Information about a Recent Security Incident

Article author
Kirk Bentley
  • Updated

Safeguarding and protecting the privacy and confidentiality of our customers and their data is a top priority of ours at WordFly.

On July 10, our Engineering team became aware of a network disruption that rendered our technological environment inaccessible. The incident was propagated by a bad actor who conducted a ransomware attack on WordFly, resulting in the encryption of the WordFly application.

WordFly safely and securely returned to service on July 29.

 

What happened and our response

Immediately upon discovering the incident, we acted swiftly to address it. Beginning July 10, we opened an investigation and engaged outside digital forensics experts to understand what had happened and the potential impact. We also engaged cybersecurity professionals to assist us with safely and securely restoring WordFly systems.

On July 14, as part of the same incident, we learned the bad actor responsible for this ransomware event exported the email addresses and other data our customers utilize to communicate with their subscribers from our environment to an external location. We can now confirm that only a small subset of our customer base had data exported by the bad actor that perpetrated this incident.
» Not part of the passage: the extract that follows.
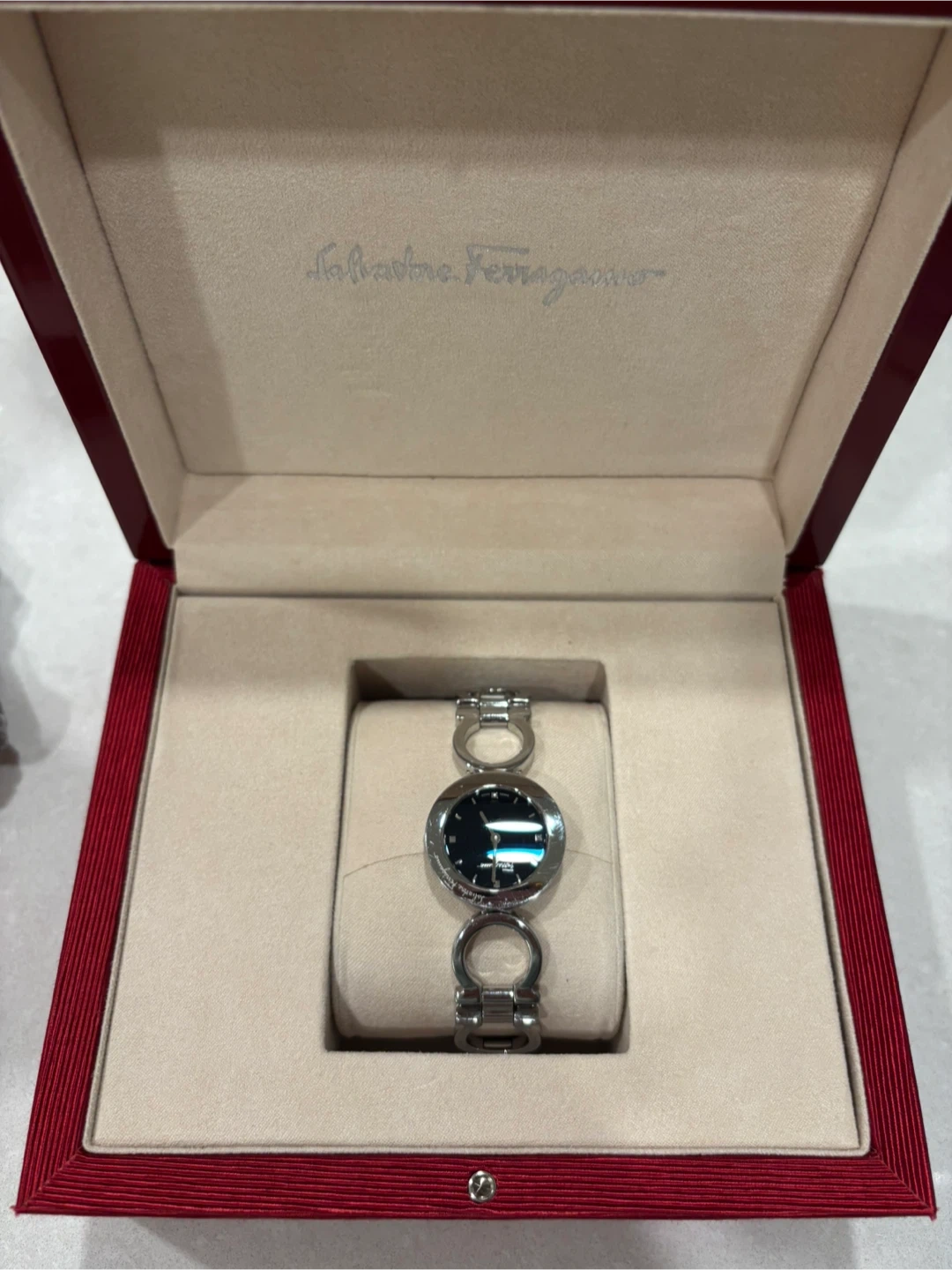 Stunning silver ferragamo watch. The size will fit someone with smaller hands as the chains were adjusted. Does not come with the original box but this is a box of a different ferragamo watch.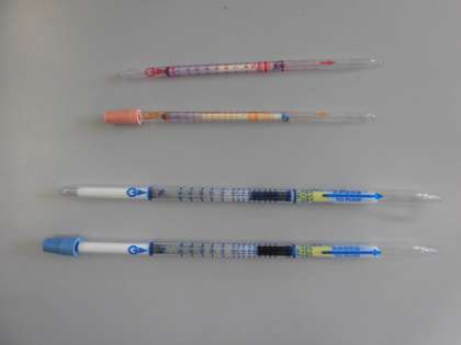 ホウセンカに袋をかぶせ,そこに息を吹き込んで,吹き込んだ直後と約2時間外においた後の酸素の量と二酸化炭素の量を,気体検知管を使って調べました。

At this time, we believe that the exported data was not sensitive in nature and largely consisted of names and email addresses.

It is our understanding that as of the evening of July 15, 2022, the data was deleted from the bad actor’s possession. We have no evidence to suggest, before the bad actor deleted the data, that the data was leaked or disseminated elsewhere. We also have no evidence to suggest that any of this information has been, or will be, misused.

 

Current status

At this time, it is our understanding that this situation has been contained. Our investigation of the incident is ongoing, and our forensics experts are still examining evidence to determine its root cause. At this time, we have safely and securely restored the WordFly application and WordFly is back online.

 

Going forward

We take the security of the data and systems very seriously. If you’d like more information about the security WordFly employs to protect data you upload, please read our general security statement. We’re confident in the security measures we’re implementing to protect our customers’ data and help prevent future incidents.

We’re committed to providing transparent communication as we continue our investigation of this incident. We’ll update this statement with additional facts or findings as needed.

Please contact us at support@wordfly.com if you have questions. 

 

FAQs

Was my data compromised?

Customer data including email addresses, names, and other data our customers import or collect via WordFly forms was exported by the bad actor who perpetrated this incident. We can now confirm that only a small subset of our customer base had data exported by the bad actor that perpetrated this incident. We have no evidence to suggest that the data was misused for any purpose by this bad actor, nor made publicly available by the bad actor. Further, it is our understanding, the data has now been deleted from the bad actor’s possession.


Should I contact my customers?

Due to the generally non-sensitive and public nature of the data that we know was exported so far, as well as our understanding of the nature of this ransomware event, we currently have no evidence to suggest that any of this information has been, or will be, misused to perpetrate harm to the rights and liberties of our customers or their subscribers. You may choose to contact your customers out of an abundance of transparency or if you know you uploaded or collected data in WordFly that is sensitive.


What is WordFly doing to prevent something like this from happening in the future?

The security of our customers’ data is our top priority. We’re implementing additional protections to further harden our environment and ensure the security of our customers’ data.